» **Exercise directions**
Write out every line exactly, from the start of the records below to the line with "Der Park auf", and stop there. Don't write out the pictures.
Source records START
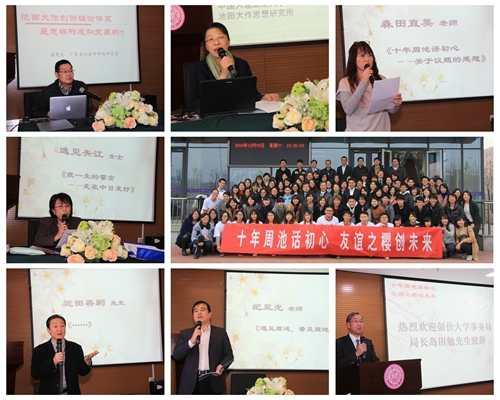 12月3日,太阳成集团tyc33455cc官方网站举办“十年周池话初心,友谊之樱创未来——周恩来·池田大作研究会十周年庆典”系列活动,日本创价大学事务局局长岛田勉先生,周池会顾问逸见矢江女士、森田直美女士,日本友人近田善嗣先生,中日友好协会付博老师、李博寰老师,广东省社会科公司原副经理、周池会顾问温宪元,大连工业大学池田大作思想研究所所长、周池会指导教师刘爱君,太阳成集团tyc33455cc欢迎您国际交流会韩岑老师,太阳成集团tyc33455cc官方网站经理纪亚光,以及创价大学访华团师生代表,太阳成集团tyc33455cc欢迎您周池会指导教师团队、历届骨干代表等参加活动。
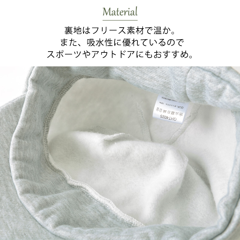 裏毛は厚みなく、吸水性に優れているのでスポーツやアウトドアにもおすすめ。
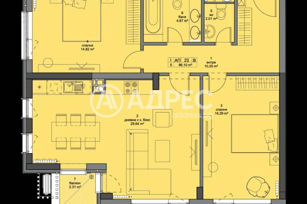 Тип Имот: Тристаен апартамент
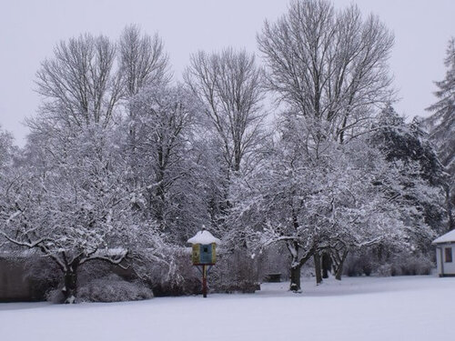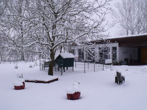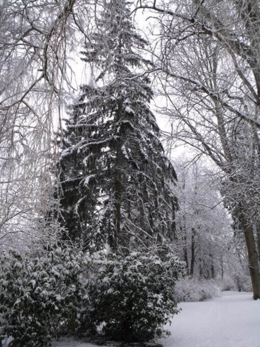 Der Park auf dem Gelände des Pommerschen Diakonievereins in malerisches Weiß gehüllt, lädt zu einem Spaziergang ein. Zum Kaffee trinken anschließend im BIOTagungshotel Wichernhaus einkehren.
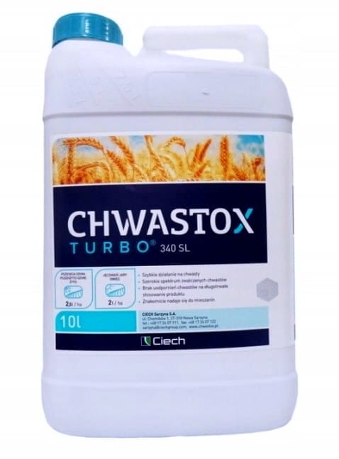 CHWASTOX TURBO 340 SL to najpopularniejsze rozwiązanie do zwalczania chwastów dwuliściennych w zbożach. Zawiera dodatkową substancję, która działa szybko i skutecznie, zwalcza trudne chwasty, takie jak chaber, mak i przytulia czepna . W połączeniu z produktem np :Fenuxar, skutecznie zwalcza także miotłę zbożową, oferując kompletną ochronę przed chwastami jedno- i dwuliściennymi. CHWASTOX TURBO jest niezbędnym elementem strategii antyodpornościowej chwastów dwuliściennych.
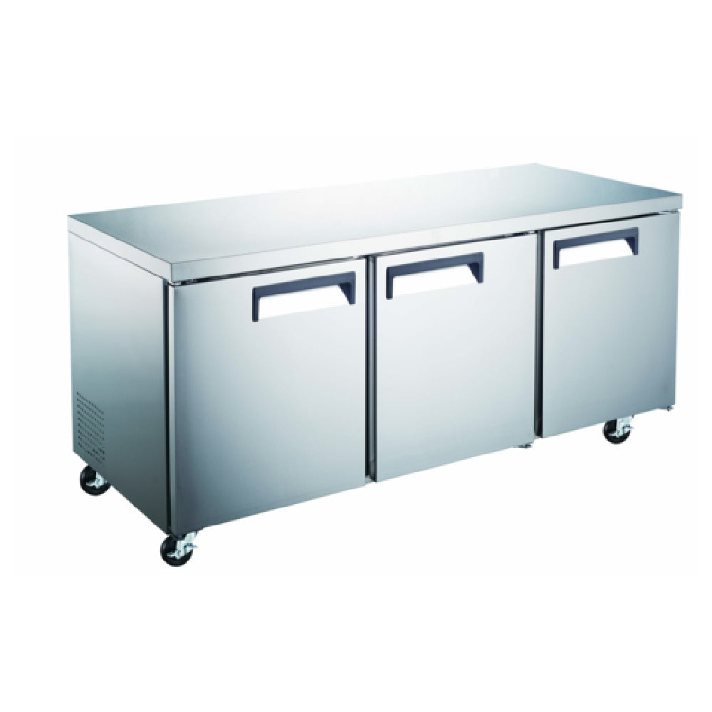 The Admiral Craft GRUCRF-72 Grista Undercounter Refrigerator is a versatile refrigeration solution designed for professional kitchens. This 3-section unit measures 71-1/2"W x 29-1/2"D x 35-1/4"H and boasts a significant 16.9 cu.ft. storage capacity, making it suitable for high-demand environments. Equipped with a rear mount self-contained refrigeration system utilizing R290 refrigerant, this refrigerator maintains a consistent temperature range of 33°F to 41°F, efficiently managed by a digital temperature controller with LED display. The stainless steel worktop provides a durable surface for various kitchen tasks, while the 430 stainless steel exterior ensures long-lasting performance. Inside, the painted aluminum interior houses three adjustable plastic-coated wire shelves, providing flexible storage options. Accessibility is enhanced by three self-closing doors with recessed handles, helping to maintain energy efficiency. The unit is supported by four 4" casters, including two locking and two non-locking, for easy mobility and stability. With a power requirement of 115v/60/1-ph and a 1/5 HP motor drawing 3.2 amps, the GRUCRF-72 is easily integrated into standard kitchen electrical setups. Certified by cETLus and ETL-Sanitation, this refrigerator is a reliable choice for restaurants, catering businesses, and commercial food service operations seeking dependable refrigeration solutions.
Source records END
» **Solution to the problem**
 12月3日,太阳成集团tyc33455cc官方网站举办“十年周池话初心,友谊之樱创未来——周恩来·池田大作研究会十周年庆典”系列活动,日本创价大学事务局局长岛田勉先生,周池会顾问逸见矢江女士、森田直美女士,日本友人近田善嗣先生,中日友好协会付博老师、李博寰老师,广东省社会科公司原副经理、周池会顾问温宪元,大连工业大学池田大作思想研究所所长、周池会指导教师刘爱君,太阳成集团tyc33455cc欢迎您国际交流会韩岑老师,太阳成集团tyc33455cc官方网站经理纪亚光,以及创价大学访华团师生代表,太阳成集团tyc33455cc欢迎您周池会指导教师团队、历届骨干代表等参加活动。
 裏毛は厚みなく、吸水性に優れているのでスポーツやアウトドアにもおすすめ。
 Тип Имот: Тристаен апартамент
 Der Park auf dem Gelände des Pommerschen Diakonievereins in malerisches Weiß gehüllt, lädt zu einem Spaziergang ein. Zum Kaffee trinken anschließend im BIOTagungshotel Wichernhaus einkehren.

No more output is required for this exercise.